A recent research study by the University of Chicago, Reading on Grade Level in Third Grade: How Is It Related to High School Performance and College Enrollment?notes the importance of early reading intervention in which the authors note:

For children, a critical transition takes place during elementary school: until the end of third grade, most students are learning to read. Beginning fourth grade, however, students begin reading to learn. Students who are not reading at grade level by third grade begin having difficulty comprehending the written material that is a central part of the educational process in the grades that follow.

Meeting increased educational demands becomes more difficult for students who struggle to read. (p. 2)

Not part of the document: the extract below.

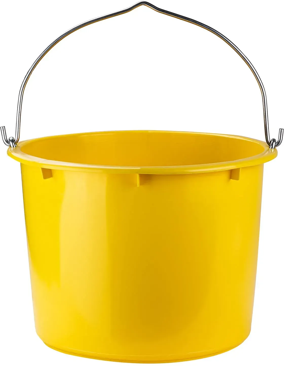 0.91 / l - Kategorie: Zubehör für Landwirtschaft - DEMA - GTIN:4031765151115 - Dema Robuster Kunststoff Baueimer gelb kranbar 20L Ausgusseimer PVC Eimer bis 41kg Robuster Kunststoff-Baueimer für den professionellen Einsatz: Der robuste Baueimer aus PVC in leuchtendem Gelb ist speziell für den Einsatz auf Baustellen und anderen Arbeitsumgebungen konzipiert. Seine stabile Ausführung gewährleistet eine zuverlässige Nutzung selbst unter anspruchsvollen Bedingungen. Praktisches Design für einfache Handhabung: Der Baueimer verfügt über einen Ausguss, der das einfache Entleeren des Inhalts ermöglicht. Mit seinem Haltebügel, der eine Mittenbiegung von 7mm aufweist, kann der Eimer problemlos an einem Kran befestigt werden, was den Transport erleichtert. Großes Fassungsvermögen und hohe Belastbarkeit: Mit einem Fassungsvermögen von 20 Litern bietet der Eimer ausreichend Platz für das Tragen und Transportieren von Materialien. Darüber hinaus kann er bis zu 41 kg belastet werden, was eine vielseitige Verwendung ermöglicht. Handlich und leicht: Trotz seiner robusten Konstruktion ist der Baueimer äußerst handlich und leicht zu tragen. Mit einer Gesamthöhe von 27 cm und einem Durchmesser oben von 37,5 cm ist er kompakt genug, um bequem transportiert und gelagert zu werden. Mit einem Gewicht von nur ca. 1,1 kg ist er zudem besonders leicht und belastet den Benutzer nicht unnötig. - 18,22 Euro bei Amazon Marketplace Home - gefunden von billiger.de Dieser Triuso Baueimer ist mit 20 Litern und kranbarer Ausführung eine solide Wahl für verschiedene Bauarbeiten. ![]() ![]() Triuso Baueimer Mörteleimer Wassereimer Zementeimer Putz Eimer 20 l gelb kranbar

  • Nearly 80 percent of students who were above grade level in reading in third grade graduated from high school compared with 55 percent of students throughout the school district.
  • 60 percent of students reading above grade level attended college compared to only 20 percent of students reading below grade level

The U.S. Department of Education report, The Nation’s Report Card: Reading 2011, provides cause for alarm, as less than half of all students are considered proficient in reading by 4th grade, with little improvement occurring in the ensuring 4 years through 8th grade:

Percentage of 4th grade students reading at a level of proficiency or higher (p. 15):

  • 49 percent Asian
  • 44 percent White
  • 19 percent Hispanic
  • 18 percent Native American
  • 16 percent Black

Percentage of 8th grade students reading at a level of proficiency or higher (p. 44):

  • 47 percent Asian
  • 43 percent White
  • 22 percent Native American
  • 19 percent Hispanic
  • 15 percent Black

Many school districts are actively pursuing efforts to increase students’ college and career readiness and implement changes to the curriculum such as the Common Core State Standards. However, while the Common Core State Standards provide a framework for the type of knowledge that students should be able to acquire and demonstrate, the standards cannot teach themselves—students must be engaged. There are three critical areas of student engagement that parents and teachers must consider:

  1. Provide meaningfully relevant literary texts
  2. Engage students in self-reflection of their short- and long-term goals, and help students to understand the connection between effort and outcomes.
  3. Engage students in higher levels of learning through reading, writing, thinking, and talking about the issues raised in the texts

Alfred Tatum, in Enabling Texts: Texts That Matters, notes the importance of providing students with interesting, meaningful, and relevant literary choices:

More than 30% of the adolescents [surveyed] did not identify a single text they found significant. The students ascribed the absence of meaningful texts in their lives to teachers’ refusal to acknowledge their day-to-day realities couched in their adolescent, cultural, and gender identities. A young man offered that ‘I need to read interesting topics like teen drama, violence, something you can relate your life or other people’s lives to.’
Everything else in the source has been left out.